I always implement an interrupt driven ticker routine. This then updates a counter that counts the number of milliseconds since start up. This counter is then accessed with a GetTickCount() function.
Example:
#define TICK_INTERVAL 1 // milliseconds between ticker interrupts
static unsigned long tickCounter;
interrupt ticker (void)
{
tickCounter += TICK_INTERVAL;
...
}
unsigned in GetTickCount(void)
{
return tickCounter;
}
In your code you would time the code as follows:
int function(void)
{
unsigned long time = GetTickCount();
do something ...
printf("Time is %ld", GetTickCount() - ticks);
}

In OS X terminal (and probably Unix, too), use "time":
time python function.py

If the code is .Net, use the stopwatch class (.net 2.0+) NOT DateTime.Now.
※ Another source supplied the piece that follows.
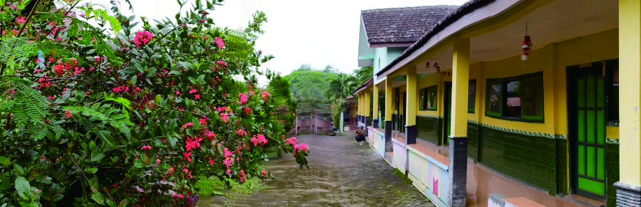 Suasana Ruang Kelas 1, 2 dan 3 terdapat sebagian taman sederhana di depannya.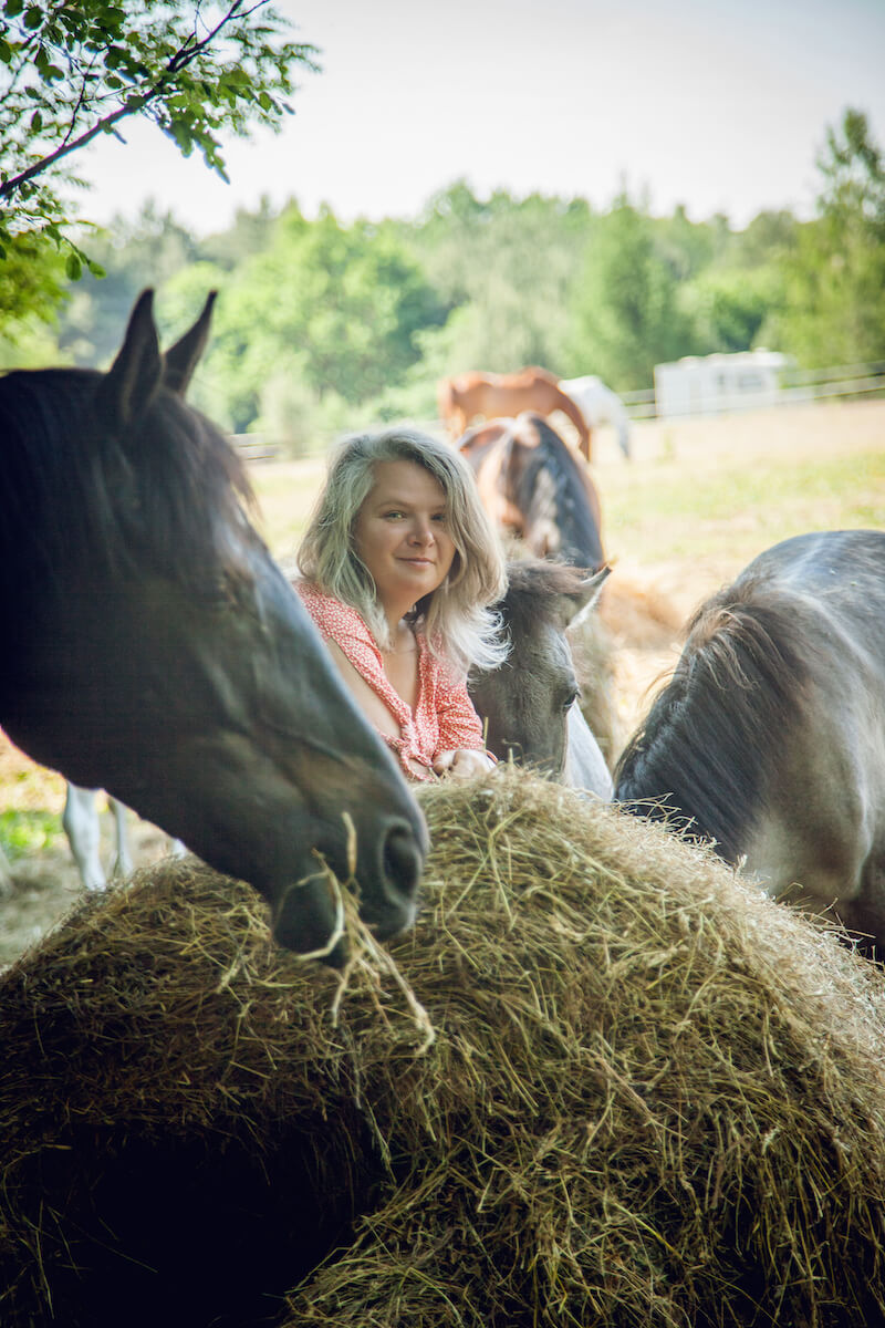 Wszystkie moje inicjatywy dzieją się w lesie, na łące, albo chociaż w parku. Korzystają z nich rodzice i dzieci,nauczyciele, liderzy. Dlaczego konie? Jakości, które konie utożsamiają jako gatunek – relacyjność ponad terytorialność, proces ponad cel, współpraca ponad rywalizacją, intuicyjność przed racjonalnością – to w dużej mierze potrzeby współczesnego świata. Razem z Tomkiem Sadzewiczem tworzę Fundację Pasikonie, w ramach której oprócz rozwoju z końmi, dajemy wsparcie rodzicom oraz profesjonalistom działającym na rzecz dzieci i młodzieży. Od 2015 roku latem i zimą organizujemy Campy rodzinne, gdzie można zaznać uczącej i wspierającej się wioski. Jestem mamą dwóch dostarczających wrażeń chłopców.

DateTime.Now isn't updated accurately enough and will give you crazy results

If you're looking for sub-millisecond resolution, try one of these timing methods. They'll all get you resolution in at least the tens or hundreds of microseconds:
If it's embedded Linux, look at Linux timers:
http://linux.die.net/man/3/clock_gettime
Embedded Java, look at nanoTime(), though I'm not sure this is in the embedded edition:
http://java.sun.com/j2se/1.5.0/docs/api/java/lang/System.html#nanoTime()
If you want to get at the hardware counters, try PAPI:
http://icl.cs.utk.edu/papi/
Otherwise you can always go to assembler. You could look at the PAPI source for your architecture if you need some help with this.